Every Saturday evening when I lived with my grandparents, I would crawl up into granddad's lap and spend a wonderful time listening to "Uncle" Dave Macon" and the Grand Ole Opry. It continues to be one of my fondest childhood memories.
Fast forward 16 years and change the scene from Milton, Florida to Bristol, Tennessee. Instead of my grandfather's lap I am seated on the side of a bed in one of the men's dorm rooms at King college. It is my senior year and I am looking forward toward graduation and Union Theological Seminary.
During my senior year I was invited to preach each Sunday in the New Providence Presbyterian Church in Surgoinsville, Tennessee. I say preach and I readily admit that calling it preaching is a tremendous stretch. It was more like a pious talk, but these folk were very kind, generous and receptive.
With some of the very first money received from the church, I went down on State Street in Bristol and bought my first guitar. I paid $50 for it. It was a small Martin guitar. The company discontinued this model many years ago. One Christmas I gave it to my son, Jim, and then later, when he had moved to Philadelphia, I had it reworked by the Martin people.
But I digress.
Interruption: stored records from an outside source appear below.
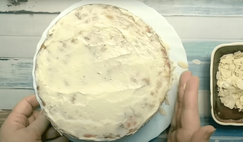 Gautą pyragą galite apibarstyti migdolų drožlėmis, tai suteiks tortui gražios išvaizdos ir naujų skonio natų.
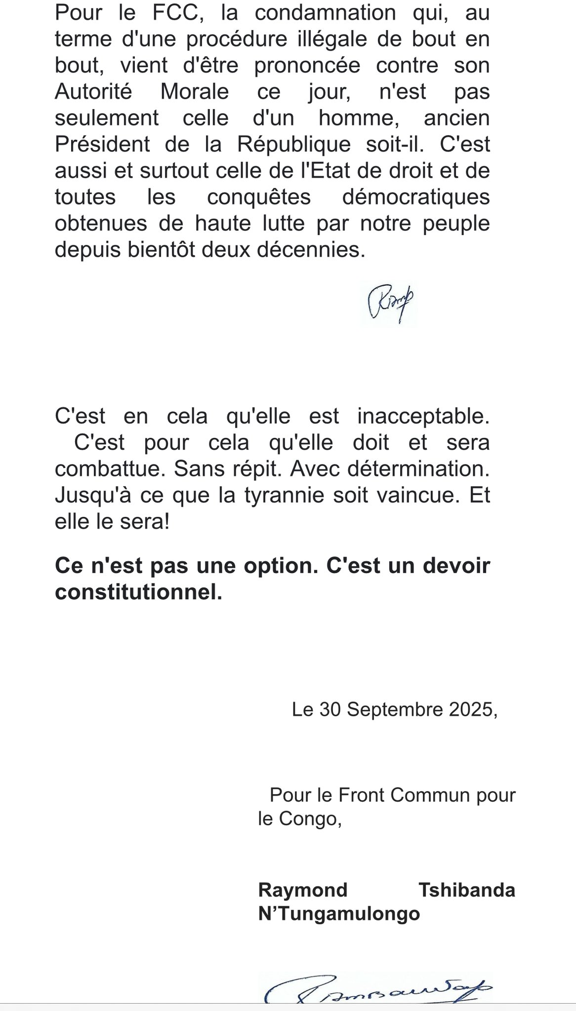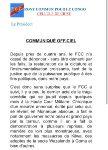 « Depuis près de quatre ans, le FCC n’a cessé de dénoncer – sans être démenti par les faits, la restauration de la dictature et l’instrumentalisation croissante, tant de la justice que de la puissance publique à des fins politiques, dans notre pays. C’est donc sans surprise que le FCC a suivi, il y a peu, le dernier acte de la tragi-comédie qui se jouait depuis quelques mois à la Haute Cour Militaire. Chronique d’un meurtre annoncé, écrite par celui qui, se rêvant en Monarque absolue, a fait le pari de gouverner notre beau et grand pays par la terreur, comme il en a fait la démonstration à plusieurs reprises, de manière de loin plus monstrueuse, avec notamment les massacres de Kilwa, des adeptes de la secte Wazalendo à Goma et bien d’autres. Pour le FCC, la condamnation qui, au terme d’une procédure illégale de bout en bout, vient d’être prononcée contre son Autorité Morale ce jour, n’est pas seulement celle d’un homme, ancien Président de la République soit-il. C’est aussi et surtout celle de l’Etat de droit et de toutes les conquêtes démocratiques obtenues de haute lutte par notre peuple depuis bientôt deux décennies. », peut-on lire dans cette déclaration écrite.
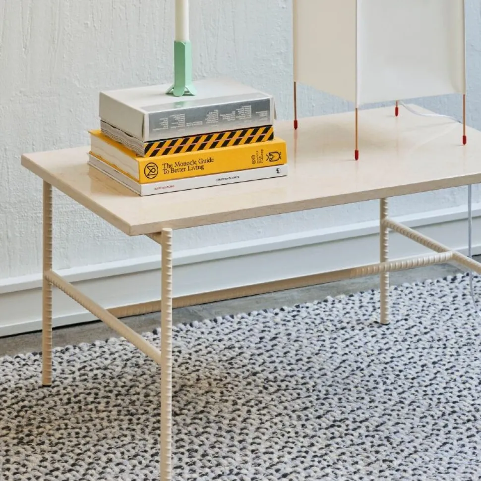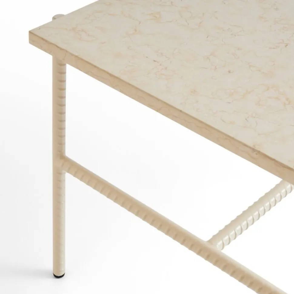 Sylvain Willenz’s rebar er en serie af sofa-, side- og bakkeborde, som sætter den forstærkede stålstangsramme sammen med marmortoppe og metalbakker for at skabe en afbalanceret æstetik. Bordene fås i forskellige størrelser i runde, firkantede og rektangulære former, med bordplader og stel i forskellige farvemuligheder.
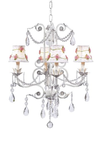 Searching for the best Pink Net Flower Chandelier Shades on the White 4-arm Valentino Chandelier; Congratulations! Check the specifications, features and feedback from customer feedback include price controls and information more satisfactory Pink Net Flower Chandelier Shades on the White 4-arm Valentino Chandelier product reviews! 20" x 25" These beautifully hand crafted, delightful chandeliers are the perfect finishing touch to any nursery, children's room, playroom - or even the bathroom! With hand crafted detailing on the center column and arms, these children's ceiling fixtures are one of a kind chandeliers that truly offer a unique look. Brighten up the old nursery, redo your kid's room, or illuminate any space in need of some charm! Chandeliers accommodate up to 45 watt bulbs without shades, 25 watt bulbs with shades.
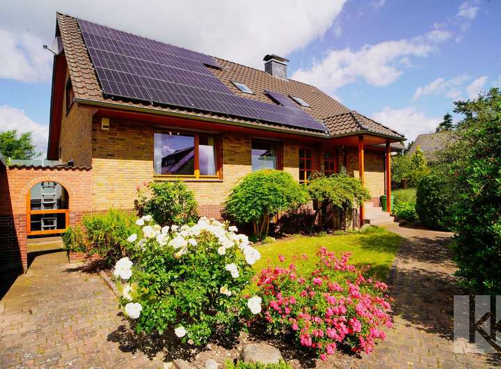 Dieses großzügige Einfamilienhaus im Landhausstil bietet mit 194 m² Wohnfläche jede Menge Platz für Familien, zwei Generationen oder Wohnen und Arbeiten unter einem Dach – ruhig gelegen und dennoch gut angebunden im beliebten Ort Osloß.

In the small room with me was Dan Norman, Hardy Bledsoe, and a young man from the mountains of western Virginia. His name was MacCracken. There may have been some others who dropped around to join in the festivities. It really was loud, and I remember it as festive.
Bledsoe could not sing the tune. He always harmonized. He spent several summers visiting the hollows and coves in mountainous North Carolina in and around Asheville. He accompanied a friend who went with his recorder capturing on tape the mountain folk as they sang their music sitting on the porches of their cabins at close of day and on Saturday and Sunday. This was before the days of television and the music was pure. Most of their music came over from England, Scotland and Ireland. Hardy played a homemade guitar. I have not seen one like it before or after. Dan Norman was one of my roommates. He played the ukelele and we were on our was to the Seminary.
A classmate named MacCracken played the mandolin. I can't remember his first name, but he could play anything with strings except maybe a mop. I think that he was a science major. This is how I learned to play the guitar. I sat there trying to keep up with them, learning new chords and enjoying myself greatly. This is how I learned to play the guitar and where I learned to love folk music. It is where I first learned to appreciate the music of my forebearers who settled North Carolina and brought their music and dancing with them.
We played and sang, "The Wreck Of The Old 97", "Life is Like a Mountain Railroad", and a lot of Tennessee Ernie Ford's music. As you may remember he happened to be from Bristol. I was told his brother had attended King College a short time before I arrived.
As I say when, I walked into the Music Man out north side, I stepped back in time for a very pleasant hour and half. I will be going back for another helping. Y'all come. You hear!